484 Kent Avenue this month. Photo by Craig Hubert

David West of Hill West Architects is the applicant of record for both. A rendering for the project has yet to be released. The owner is Miki Naftali of Naftali Group, who purchased the property in 2020 for $51,190,527, according to finance records.

The two sites outlined in red. Image via Google Maps

The second is next door at 500 Kent Avenue, where proposed plans were revealed in a recent Environmental Assessment Statement provided by the Department of City Planning in February. That document shows the developer wants to build a 23-story building that will be a mix of office and retail with a 196-car parking garage underground and 37,233 square feet of waterfront space that is open to the public looking out on Wallabout Channel. Unusually, the developer is not planning any residential units.

A massing study and rendering included in the plans show a twisting tower amid a modern, disjointed design with lots of sharp angles and blocky additions.

Rendering of 500 Kent Avenue via Department of City Planning
Rendering of 500 Kent Avenue via Department of City Planning

The architect on the project is not currently known. The owner, 500 Kent LLC (a partnership that includes Tomas Rosenthal’s Hampshire Properties, according to a story in The Real Deal) purchased the property from Con Edison in 2019 for $102,381,054.
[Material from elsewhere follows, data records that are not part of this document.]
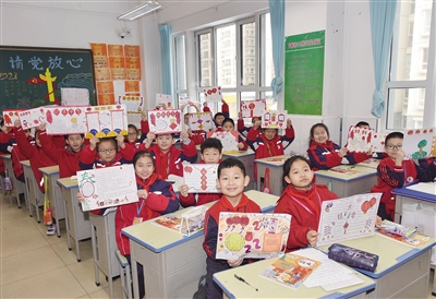 2月17日,平城区45小四年级7班的学生们展示假期里制作的手抄报。 本报记者 戎禹仁摄
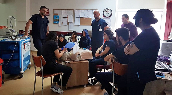 Hastanenin Dahiliye 2.Basamak Yoğun Bakım Ünitesi çalışanlarına Kardiyo, Pulmunar, Resüstasyon (CPR) Eğitimi verildi. CPR ( Kardiyopulmoner Resusitasyon ) nedir, hangi durumlarda yapılmaktadır, CPR’daki hızın önemi, CPR’a ne zaman başlanacağı, neler yapılacağı, temel yaşam desteği ve ileri yaşam desteği konuları anlatıldı. Hastane personeline verilen bu bilgiler ışığında yeni bilgilerin öğrenilmesi ve eski bilgilerin pekiştirilmesi hedeflenmektedir. Eğitimi alan personeller verilen eğitimden duydukları memnuniyeti dile getirerek, bu eğitimin meslek hayatlarında her zaman işlerine yarayacakları bilgiler olduklarını belirttiler.
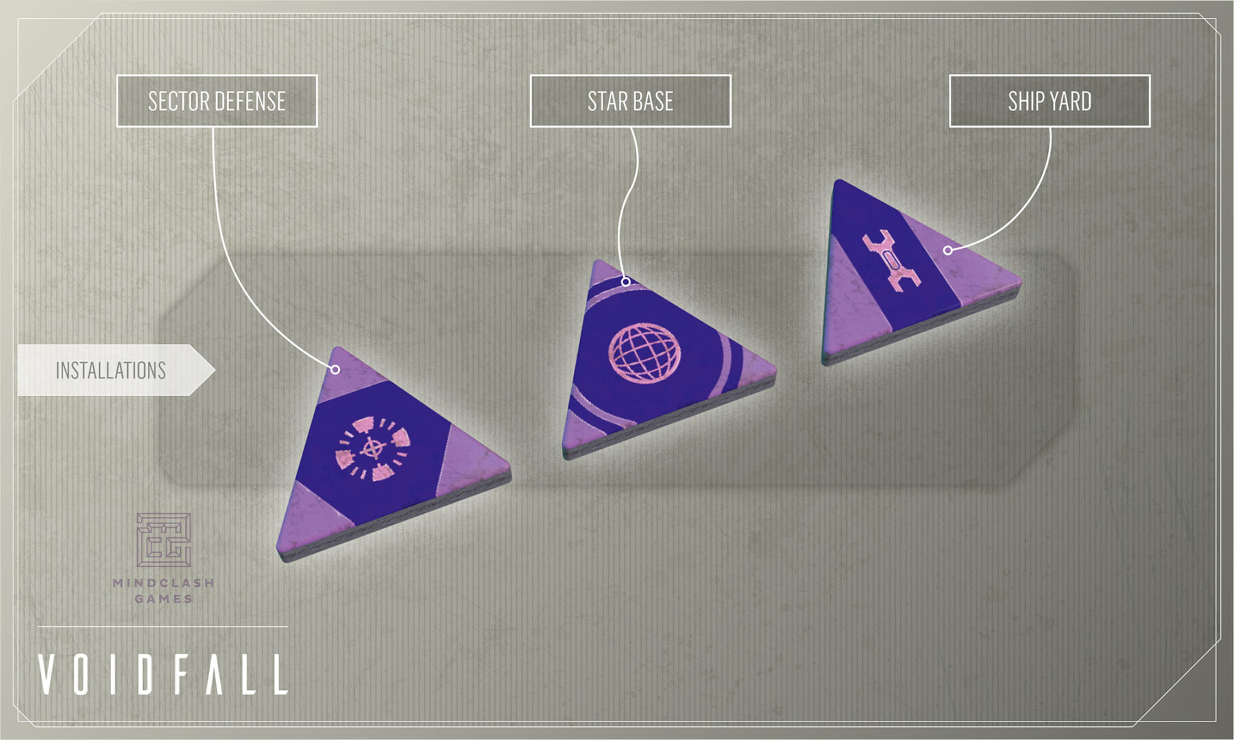 The other type of space in a sector are the triangular shaped ones. These are for your military Installations that you can deploy into the sector. They come in three types:
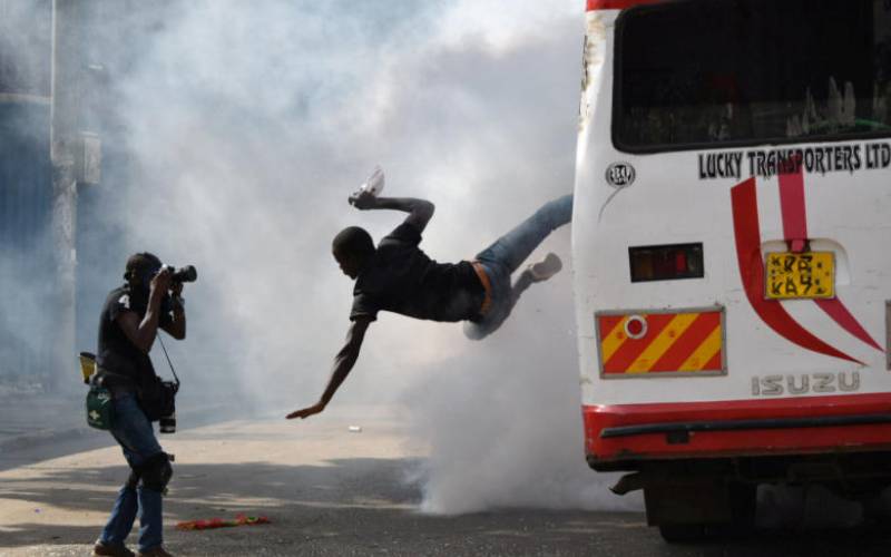 A man jumps from a bus after police fired teargas canisters to disperse protestors after Raila Odinga’s swearing-in ceremony in Nairobi, January 30, 2018. [Reuters]
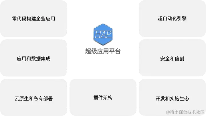 超级应用平台是一个融合多元能力的企业数字化产品,具备广泛的需求适应性,能够满足不同规模和行业的企业数字化核心需求。经过持续八年多的研发,HAP已经在所有行业和规模的客户应用中得到认可。我们将超级应用平台的核心能力概括为以下七点:
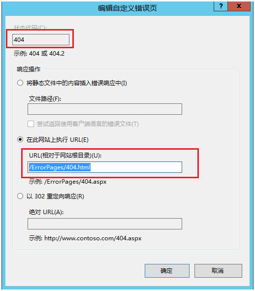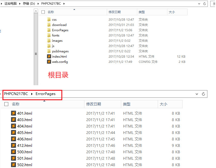 4、查看错误页面相对根目录的位置,按照示例填写就可以的。然后依次设置其它页面:
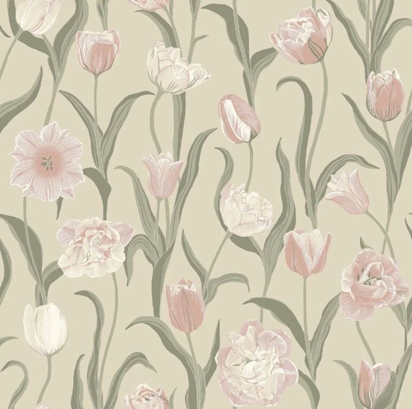 Šie „La Belle Epoque“ tapetai turi svajingą rožinės ir kreminės spalvų tulpių išdėstymą su sidabriškai žaliais lapais smėlio spalvos fone. Įkvėptas klasikinių tulpių rūšių, šis rankomis dažytas ir dažų spauda margintas dizainas suteikia kambariui romantiškumo.
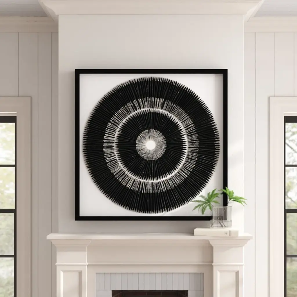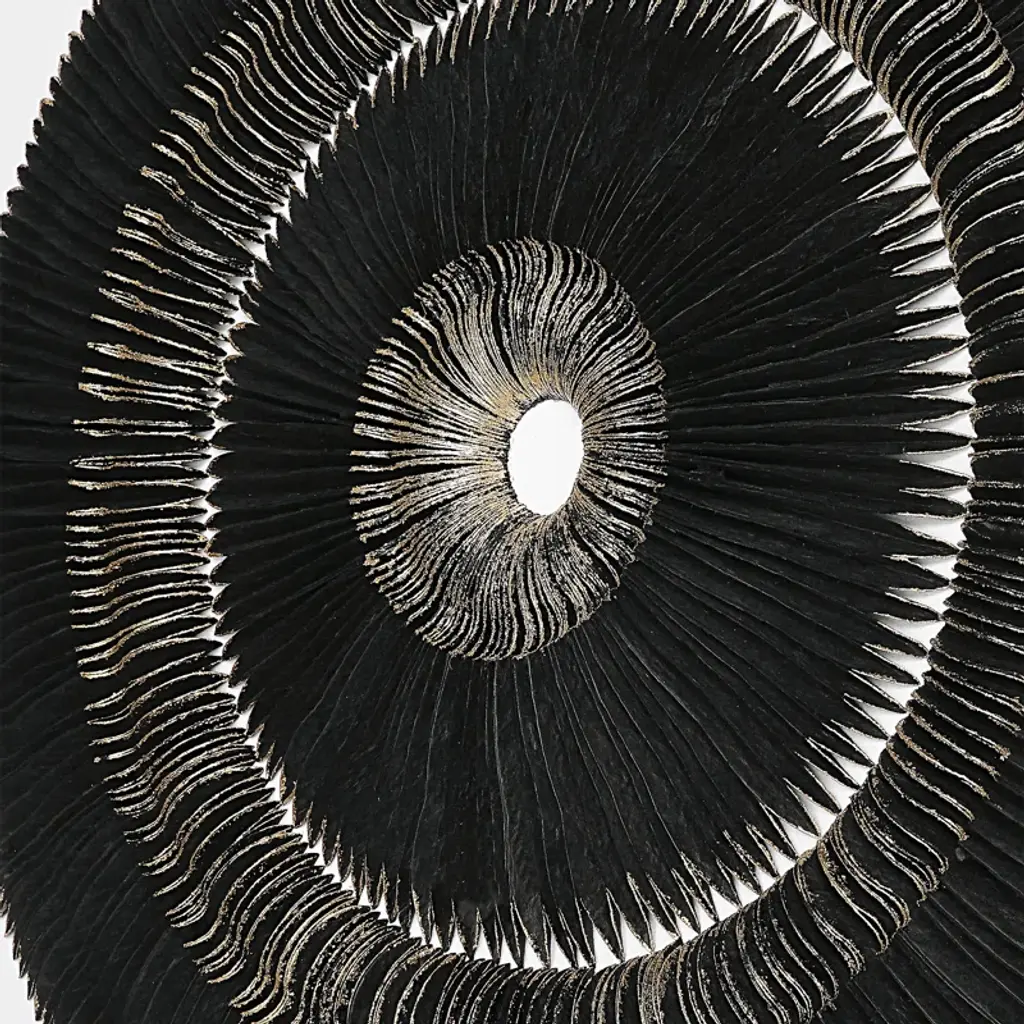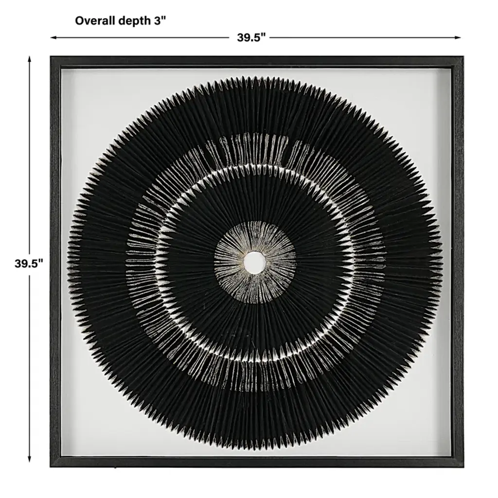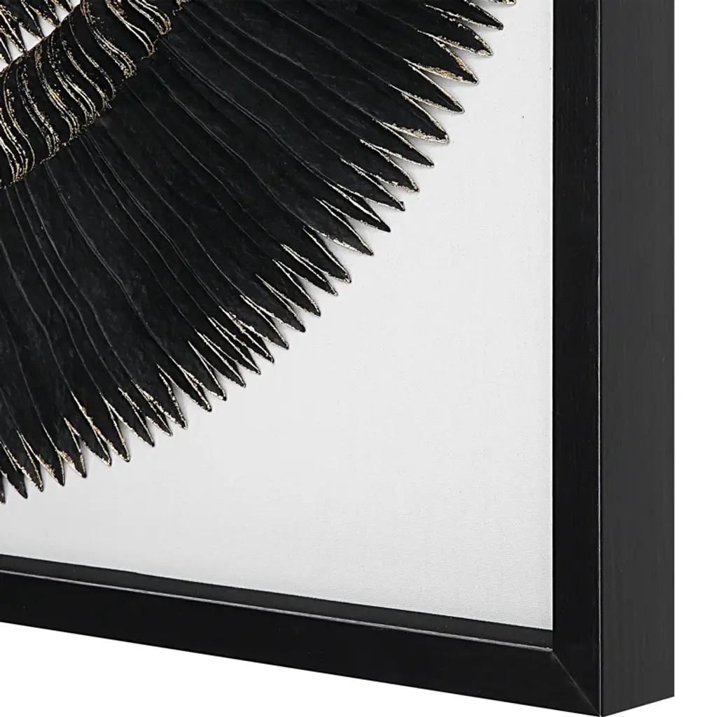 Handcrafted by skilled artisans, this wall decor features a striking leaf medallion. The artwork is set against a linen backing in a shadowbox-style pine wood frame under glass.
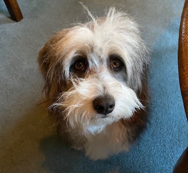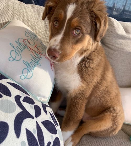 This is Emma, our 18 month old Aussiedoodle. Yes, a COVID puppy. She is named Emma because our last name begins with “M”!

A rezoning is needed for the project at 500 Kent Avenue to move forward (the previous owners behind 484 Kent received a zoning variance in 2010, which allows them to build residential). Adding to this is that the property, which was previously owned by Con Edison and was where they operated a power plant until 1999 (the building on the site was demolished in 2009), was heavily contaminated. Even though environmental remediation was completed in 2014, the Environmental Assessment Statement notes that further study needs to be done around the site because of its “potential to contain hazardous materials.”

The former power plant at 500 Kent Avenue in November 2006. Photo by Scott Bintner for PropertyShark

If both projects advance, it will be a major extension of the heavily developed waterfront area in Williamsburg. Down the street is the Schaefer Landing development at 446-450 Kent Avenue and former New York State governor Eliot Spitzer’s three-tower complex at 416-420 Kent Avenue. And not far away, on the other side of the Williamsburg Bridge, is the massive Domino project.